Crystal Castles put on a phenomenal show. The crowd was live as fuck (the show Friday was a bonus show; the original show sold out so quickly and the response was so overwhelming that they booked them for another performance two days later). The opening band was mad respectful of the crowd; they said they would keep it short and did so, playing only a 20-minute (or so) set. The visual effects were dazzling, ultrafine: a tasteful mix of epileptic strobe lights a kaleidoscopic spray of polychromatic light emitting diodes, and plumes of smoke, not from a smoke machine, but from some proximate tetrahydracannabinol enthusiasts. Alice Glass, the vox of the operation, was hype and unabashed: she crowd surfed on multiple occasions, and spazzed around magnificently while delivering soulfully prismatic lyrics from behind raven hair and fiery eyes.

After my vodka-lubricated concert experience, I marched back up Sunset Blvd to Pink Dot, where I had left my stuff, and where I had to hang out anyways to wait for a ride home from Freddy (who Oscar and Ralphie will refer to using various permutations of ‘Freddylove’ and ‘Little Freddy.’

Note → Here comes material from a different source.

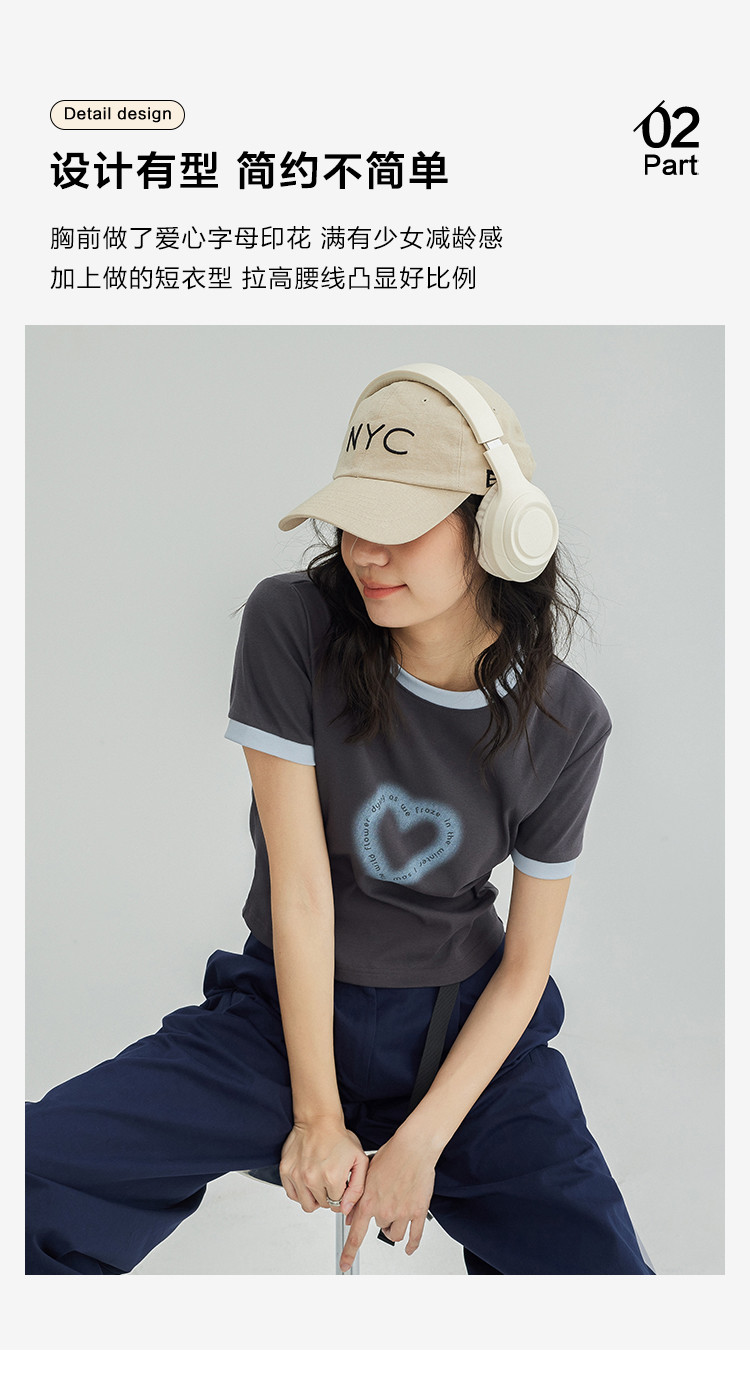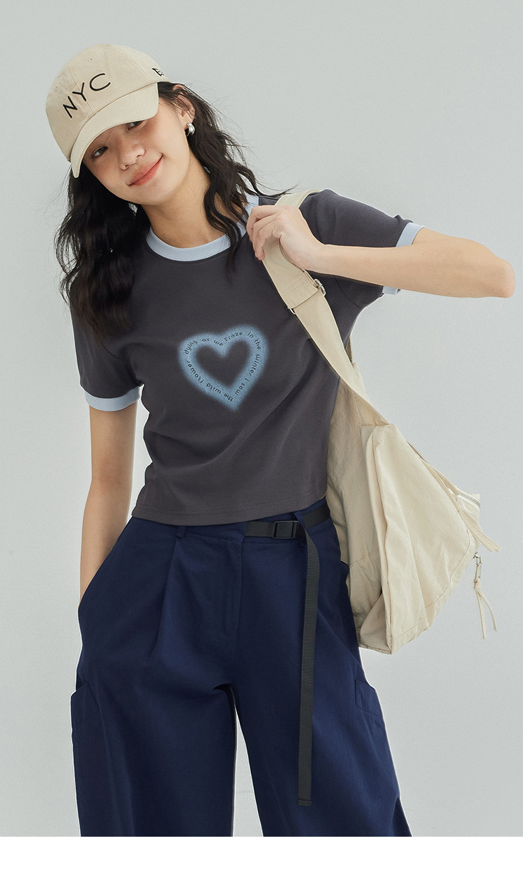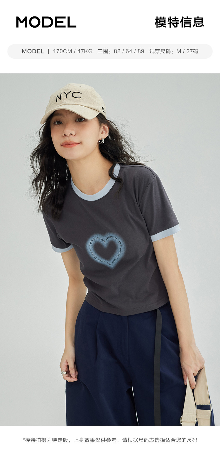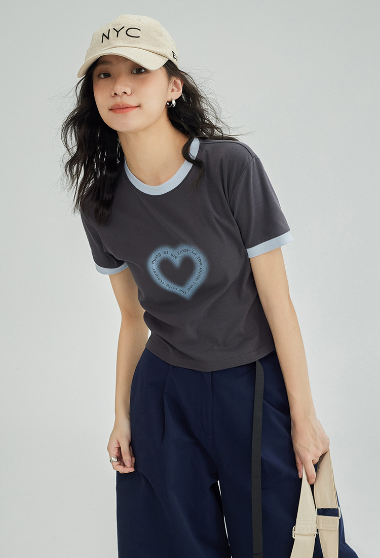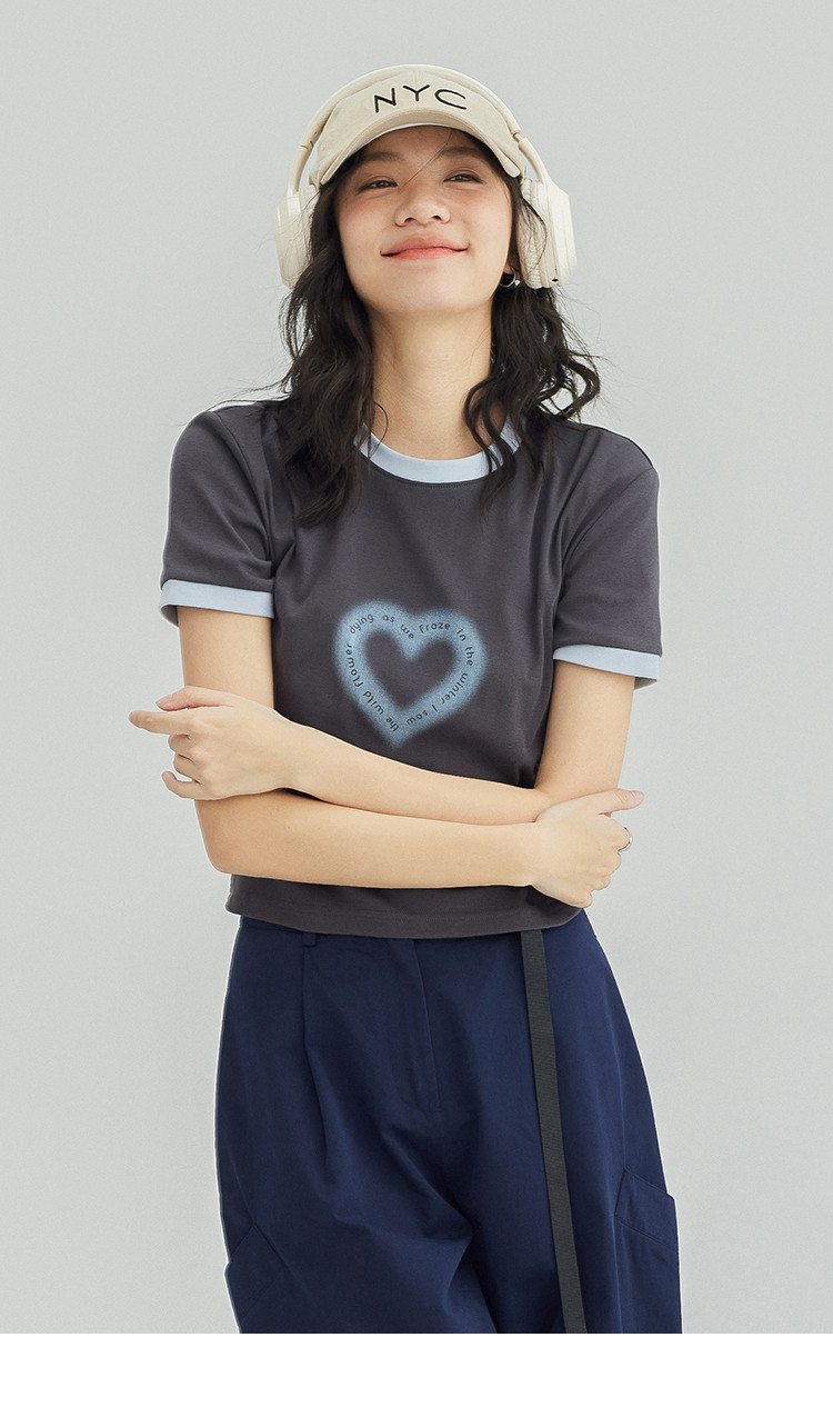 【爱心印花短袖T】年夏打破沉闷感撞色微辣修身不勒肉显瘦 535554

Relatedly, I think the dialect of Ralphie and Oscar is worth noting, if for nothing other than its aural aesthetic value. When I got back I rendezvoused with said homies, who were both off that night, but who were hanging around Pink Dot and getting progressively more smashed on cerveza and molta as the night grew later (they were also waiting for a ride from Freddylove). As we shot the shit in the parking lot adjacent to the alley beside Pink Dot, bathed in the mango glow of street lights, I learned that some drama had transpired involving Ralphie that night, and, suffice it to say, there was talk of a potential fight (for stock reasons — to defend honor, hash things out; to prove or make up for phallic inadequacy, etc.). This was a pretty natural topic of discussion and there was nothing too noteworthy about it, except for the way they put it. To express fighting, punching some people, and leaving, Oscar said “…we can get down, sock ‘em up, and take off.” There is something to be said about slang that is natural and not contrived, as Oscar’s and Ralphie’s was. It stuck in my head, is all; it reminds me of some short story I once read that ends with the recently murdered narrator remembering how a kid he once played baseball referred to shortstop as “da best position dey is.” This sticks with the narrator, and he remembers chanting it to himself in his head as he ran to the outfield to play, and so I similarly chanted “get down, sock ‘em up, and take off” to myself in my head.

There is always something beautiful to be found in the idiosyncratic, the peculiar, and the unfamiliar, I feel.


SATURDAY

A dude named Orpheus called me at Pink Dot it was nice. The night was boring and uneventful. I still have yet to get paid at Pink Dot despite having worked here for nigh on three weeks. Once I get paid, I am going to take care of some parentheses and then I am going to the damn beach and have a good time. But good.


SUNDAY

Shit is real. Stayin afloat thanks to some savvy and some luck: The other day I got two calls from a cigar shop, which I remembered was on Sunset within walking distance of Pink Dot, so with a little craftiness on my part, and thanks to Ralphie being the cool hombre he is, I was able to sprint over there to deliver the goods and reap the tips. Also, last night, some dude (presumably drunk and potentially strung out) came up to the locked doors of Pink Dot requesting stogues. We told him we were closed, he held up a $20 against the window, and I asked what kind of smokes he wanted. A pack of Parliament Lights for $20, and the change was mine. That is like $14 (cigarettes actually aren’t that expensive around here, but at Pink Dot everything is marked up). Speaking of which, the smoking cessation is going swimmingly. Happy Dia de los Padres.